Most of his successors, while carrying on the style in which he worked, failed to impart to their work that vigour and reasonableness which distinguished his. The rules and regulations which served as guides to him became masters to them, and we look in vain among them either for his scientific equipment or his intuitive perception of what was fitting. The grandeur of manner which suited admirably the buildings with which he had to deal, was out of place when applied to ordinary houses; and the artificiality which sprang from the way in which architecture was then regarded, but which his genius enabled him to avoid, settled down heavily after his death.
Among the drawings at All Souls are the examples of house design illustrated here (Figs. [99–102]). They are not named, and have not been identified; it is not even certain that they were ever carried out. But they give some idea of Wren’s notions as to the appearance he would have given to houses. In general disposition they conform to the type adopted by Jones and Webb, but they have touches about them reminiscent of French architecture,[46] more particularly those in Figs. [99], [101]. The others are two rough sketches for the front of a building (probably a house), drawn on a piece of waste paper, and apparently they show two methods of treating the same façade (Fig. [102]). They are characteristic of Wren’s manner as displayed at Hampton Court (see Fig. [6]), more so than the other examples illustrated, and they are certainly more pleasing in their proportions and in the simplicity of their handling. The design for part of a front for the new palace at Whitehall (Fig. [103]) is interesting in two respects; it is a specimen of Wren’s treatment of domestic architecture on a grand scale; and it proves that Charles II. still harboured the idea of a great new palace at Whitehall, an idea which fructified as little under Wren’s direction as it had done under Webb’s. As a piece of design this is no advance upon what had already been tried before. There is a weediness and crudity of ornament about it which is out of keeping with Wren’s actual work; but of him it may be said, as of Inigo Jones and other great architects, that his designs are less happy on paper than in execution. Indeed a study of all the important collections of architectural drawings inclines one to take the negative side in the interesting controversy, “Is fine drawing necessary to fine architecture?”
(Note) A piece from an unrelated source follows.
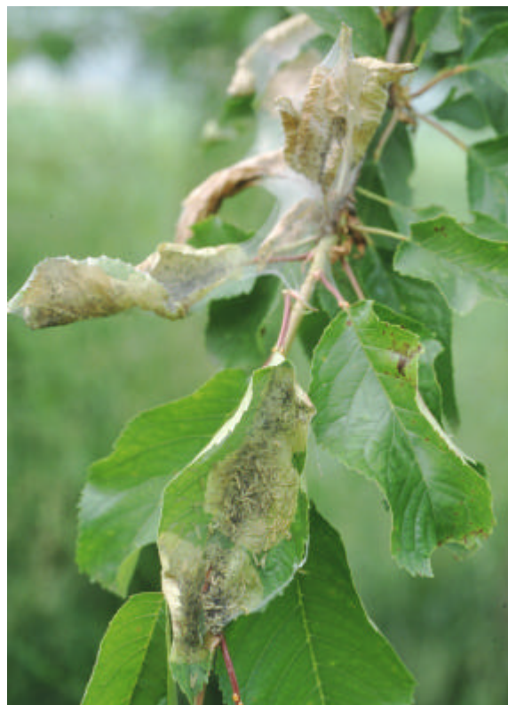
Giovani larve di ifantria

Il nome volgare "webworm" usato nel suo paese d'origine deriva da web = tela e worm = bruco.

Fig. 103.—ELEVATION OF PART OF THE FRONT OF A PROPOSED PALACE AT WHITEHALL.
From the Wren Collection, All Souls College, Oxford.
Fig. 104.—BELTON HOUSE, Lincolnshire.
The indications of French feeling alluded to above may be accounted for by the fact that in the early days of Wren’s connection with architecture, in 1665, he went to France for a few months. He was already enthusiastic in his new vocation, and like many an enthusiast in the same cause before him and after him, he wanted to see what was being done in foreign lands. He spent his whole time there in interviewing eminent architects and in visiting the most noteworthy buildings of Paris and its neighbourhood. He made so many sketches that he said in one of his letters that he bid fair to bring back “almost all France on paper.” He had indeed caught the architectural fever; and every architect knows that thenceforward it would never leave his veins.
Fig. 105.—Belton House. Ground Floor.